The first mention of the species in the Saloum delta is from 1980 by A. R. Dupuy (1981), while the next published record is from 2004 only – see comment by John Rose on this blog post [updated 4 Jan 2020] and the short paper by Rose et al. (2016). The next observation that I could find is from January 2007, of a bird photographed near Missirah by Stéphane Bocca. The fact that we heard two birds singing from Dassilame Serere, the records near Toubacouta and Sipo as well as the observation from Missirah all suggest that the Tigriornis is fairly well established here, and may well be widespread throughout the vast mangroves of the Saloum delta: targeted searches are likely to turn up more birds in other parts of the delta. The species is also present in mangroves along the Gambia river, where first discovered in 1996 (Kirtland & Rogers 1997). Casamance and especially the Saloum delta are actually right on the edge of the distribution range of the species, which extends from central Africa through the Congo-Guinean forest zone. In Senegal and Gambia, it primarily inhabits the vast mangrove forests, though it may also still occur in the swamp forest of the Basse-Casamance NP, i.e. in similar habitat to that occupied further south such as in Côte d’Ivoire and Ghana.
Other good birds seen during our boat trip included several majestic Goliath Herons, Palm-nut Vultures, a colour-ringed German Osprey (more on this later), a few Blue-breasted Kingfishers and Common Wattle-eyes (both heard only), as well as an unexpected Swamp Mongoose seen in full daylight (Héron goliath, Palmiste africain, Balbuzard, Martin-chasseur à poitrine bleue, Pririt à collier, Mangouste des marais).
During our stay in the Toubacouta area, we also visited the Sangako community forest, Sandicoly, and bush/farmland near Nema Ba: plenty of birds everywhere, though no real surprises here, except maybe for a fine pair of Bateleurs, a species that’s right on the edge of its regular range here.
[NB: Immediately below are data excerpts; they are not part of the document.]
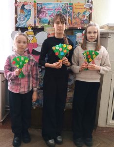 Библиотекари рассказали детям об истории возникновения Международного женского дня, а мальчики поздравили девочек стихами.
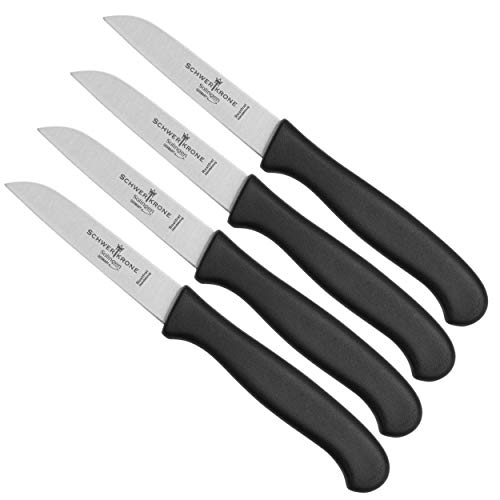 - Exclusivo: los cuchillos de cocina de Schespkrone se fabrican en Solingen y cumplen con los más altos estándares de calidad. Juego de 4 cuchillos para pelar o verdura rectos y curvados con mango de plástico higiénico.
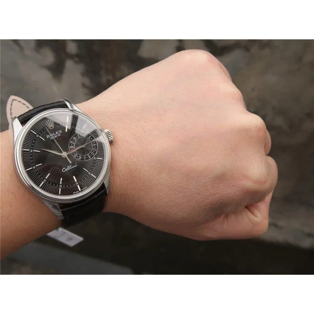 Чёрный, матовый. Полированные часовые риски по радиусу циферблата и классические мечевидные стрелки. Разграниченная минутная шкала на нижнем уровне циферблата. Гравировка маркировки Rolex и серийного номера Rolex на внутреннем
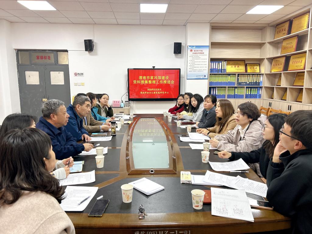 3月20日下午,渭南市妇女儿童发展中心召开“渭南市家风馆建设资料搜集整理工作”推进会,会议特邀人文学院历史学教授张始峰、杜振虎、王文涛、孙萍萍,家风家训研究专家张静莉教授,渭南市妇女儿童发展中心主任李西彩、副主任严苏风教育科学学院教授张西宁、马雅菊,范牡丹等教师参加会议,会议由妇女儿童发展中心主任李西彩主持。

Other goodies for us northerners included Swallow-tailed Bee-eater, Grey-headed Bushshrike, White Helmetshrike, Bruce’s Green Pigeon, Four-banded Sandgrouse and many more of course (Guêpier à queue d’aronde, Gladiateur de Blanchot, Bagadais casqué, Colombar waalia, Ganga quadribande). Also a nice series of owls heard from our campsite: Greyish Eagle Owl, African Scops Owl, Pearl-spotted Owlet and Barn Owl! (Grand-duc du Sahel, Petit-duc africain, Chevêchette perlée, Effraie des clochers).
With the addition of the Tiger Heron but also Ferruginous Duck (a pair on a small dam near Mbodiene, 24.12; Fuligule nyroca), my Senegal list now stands at 530 species: which one will be next?